- **TO DO**:
Begin at the line below that has "圖5是實(shí)施例1乳化". Stop after the line that has "Estilo impresionista, con", repeating each line exactly and leaving out the pictures.

━━ RECORDS SHOWN ━━

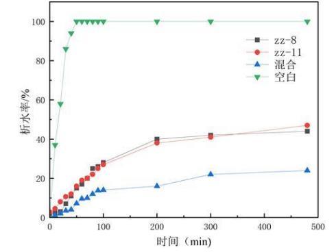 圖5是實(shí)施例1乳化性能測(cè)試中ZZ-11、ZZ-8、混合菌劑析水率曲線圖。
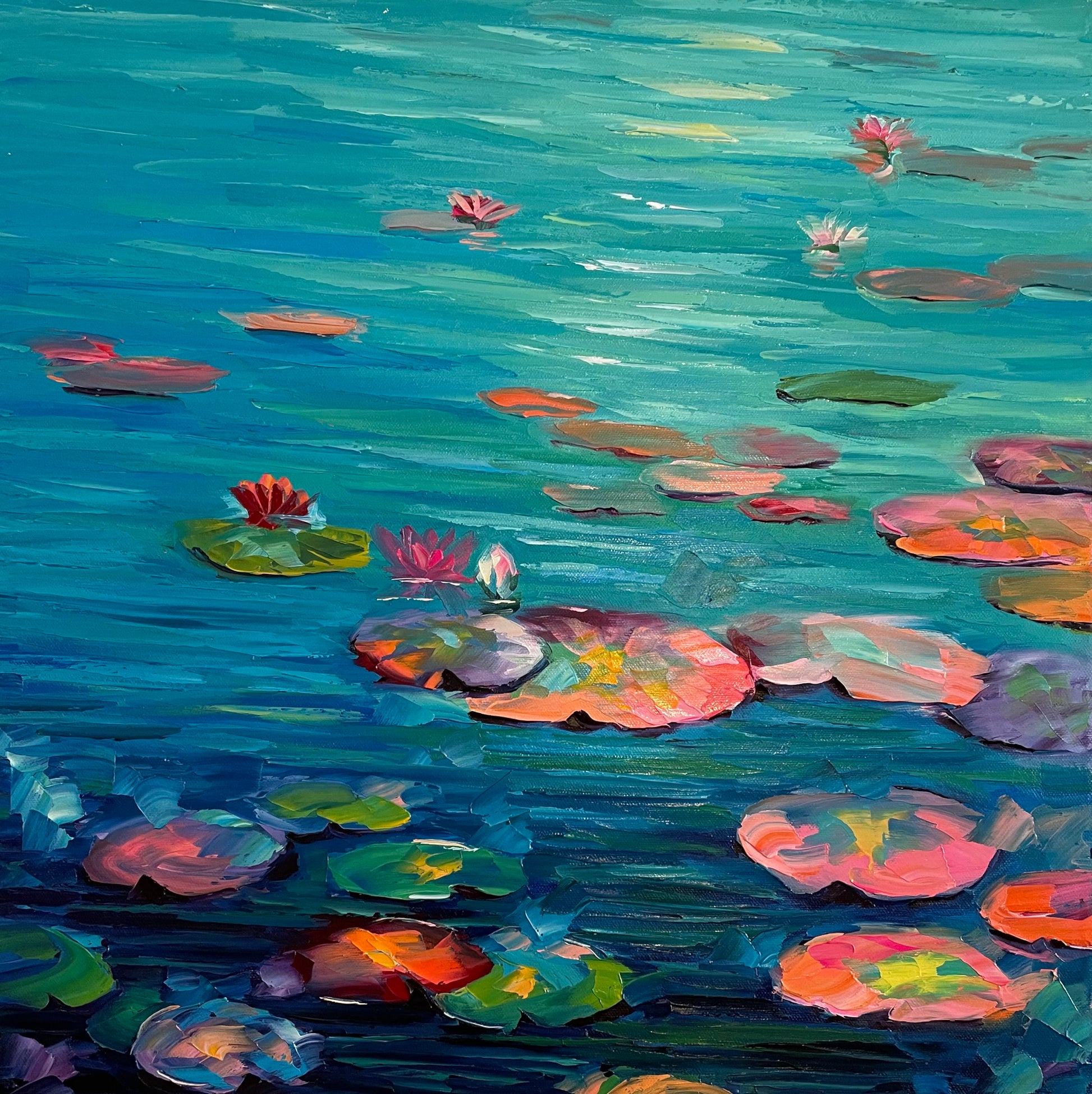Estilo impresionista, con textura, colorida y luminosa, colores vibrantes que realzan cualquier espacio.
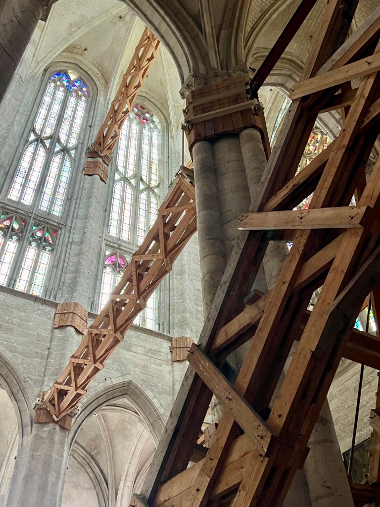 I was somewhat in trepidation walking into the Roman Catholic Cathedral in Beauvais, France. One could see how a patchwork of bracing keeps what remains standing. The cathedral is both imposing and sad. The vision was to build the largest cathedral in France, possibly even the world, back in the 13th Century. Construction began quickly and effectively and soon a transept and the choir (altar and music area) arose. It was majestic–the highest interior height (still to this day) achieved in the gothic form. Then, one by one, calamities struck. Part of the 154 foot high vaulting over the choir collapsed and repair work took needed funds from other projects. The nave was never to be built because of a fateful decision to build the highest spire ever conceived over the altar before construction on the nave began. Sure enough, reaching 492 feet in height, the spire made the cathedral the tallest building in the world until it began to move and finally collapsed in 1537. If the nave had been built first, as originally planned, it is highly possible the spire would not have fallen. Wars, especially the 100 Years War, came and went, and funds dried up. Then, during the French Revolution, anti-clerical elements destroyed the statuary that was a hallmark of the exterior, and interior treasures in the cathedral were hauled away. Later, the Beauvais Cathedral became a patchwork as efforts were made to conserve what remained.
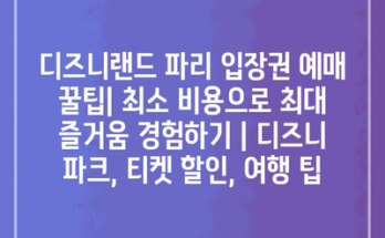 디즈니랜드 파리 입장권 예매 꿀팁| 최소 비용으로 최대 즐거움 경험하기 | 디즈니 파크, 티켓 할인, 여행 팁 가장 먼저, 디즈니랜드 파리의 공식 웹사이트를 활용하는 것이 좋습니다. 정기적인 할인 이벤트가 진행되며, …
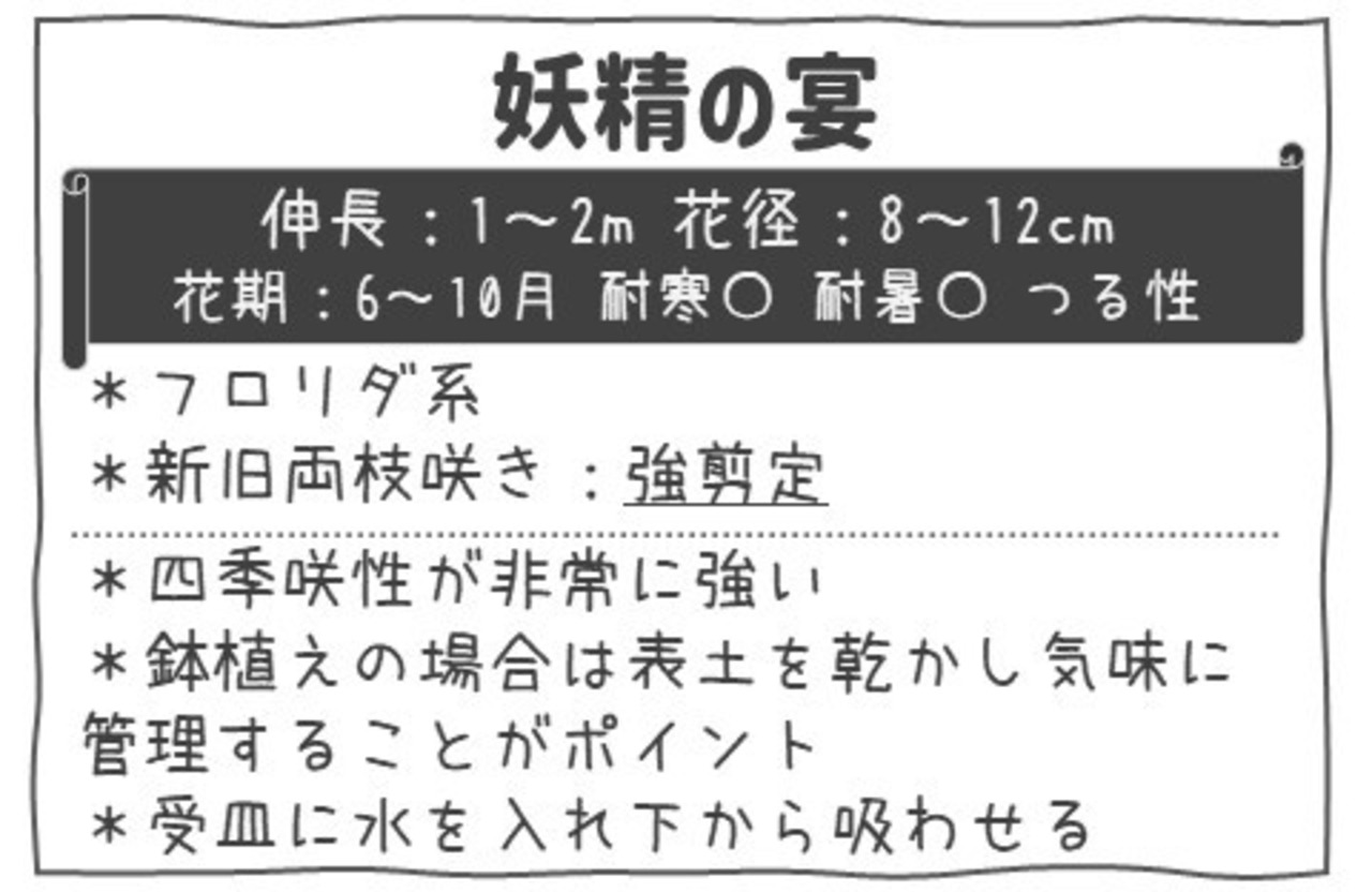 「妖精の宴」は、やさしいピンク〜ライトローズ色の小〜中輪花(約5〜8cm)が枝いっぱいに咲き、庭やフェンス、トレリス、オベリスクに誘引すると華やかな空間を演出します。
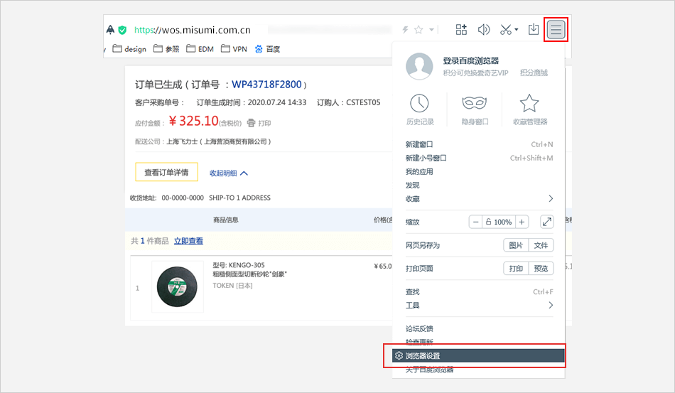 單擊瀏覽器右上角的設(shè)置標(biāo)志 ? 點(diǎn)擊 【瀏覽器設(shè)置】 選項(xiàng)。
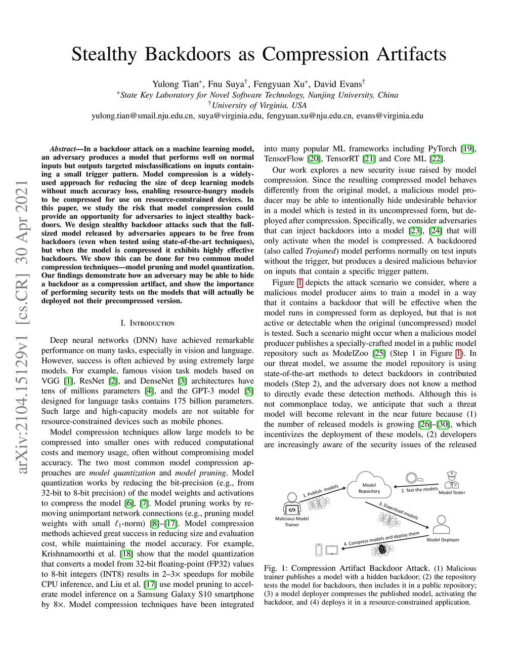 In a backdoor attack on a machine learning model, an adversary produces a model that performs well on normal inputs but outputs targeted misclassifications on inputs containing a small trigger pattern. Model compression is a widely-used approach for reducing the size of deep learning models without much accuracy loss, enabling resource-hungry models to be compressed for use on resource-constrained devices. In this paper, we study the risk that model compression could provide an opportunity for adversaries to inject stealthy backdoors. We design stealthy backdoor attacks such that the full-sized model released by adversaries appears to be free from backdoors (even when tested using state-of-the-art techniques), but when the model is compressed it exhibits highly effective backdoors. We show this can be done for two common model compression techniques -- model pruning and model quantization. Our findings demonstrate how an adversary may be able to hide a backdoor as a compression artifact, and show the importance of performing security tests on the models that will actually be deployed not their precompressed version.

━━━
━━ RECORDS SHOWN ━━

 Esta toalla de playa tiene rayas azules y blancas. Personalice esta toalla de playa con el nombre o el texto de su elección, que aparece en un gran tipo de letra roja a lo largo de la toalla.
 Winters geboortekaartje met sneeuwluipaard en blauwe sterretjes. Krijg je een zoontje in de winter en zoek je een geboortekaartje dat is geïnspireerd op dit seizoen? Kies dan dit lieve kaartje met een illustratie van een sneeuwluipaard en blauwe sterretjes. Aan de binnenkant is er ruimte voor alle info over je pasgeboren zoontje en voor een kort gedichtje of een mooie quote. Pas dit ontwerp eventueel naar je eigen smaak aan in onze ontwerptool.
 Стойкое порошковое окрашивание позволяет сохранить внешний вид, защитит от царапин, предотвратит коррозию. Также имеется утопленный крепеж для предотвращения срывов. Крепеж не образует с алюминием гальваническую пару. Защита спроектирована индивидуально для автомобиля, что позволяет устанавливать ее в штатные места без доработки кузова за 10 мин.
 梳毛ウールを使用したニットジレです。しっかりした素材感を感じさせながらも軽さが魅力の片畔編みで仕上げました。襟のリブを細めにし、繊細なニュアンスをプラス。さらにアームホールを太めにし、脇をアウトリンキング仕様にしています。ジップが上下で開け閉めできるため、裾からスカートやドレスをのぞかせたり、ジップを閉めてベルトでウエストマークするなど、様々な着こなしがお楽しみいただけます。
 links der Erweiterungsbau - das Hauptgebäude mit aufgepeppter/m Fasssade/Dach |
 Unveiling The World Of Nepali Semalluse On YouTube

━━━

- **FINISHED EXERCISE**:
 圖5是實(shí)施例1乳化性能測(cè)試中ZZ-11、ZZ-8、混合菌劑析水率曲線圖。
Estilo impresionista, con textura, colorida y luminosa, colores vibrantes que realzan cualquier espacio.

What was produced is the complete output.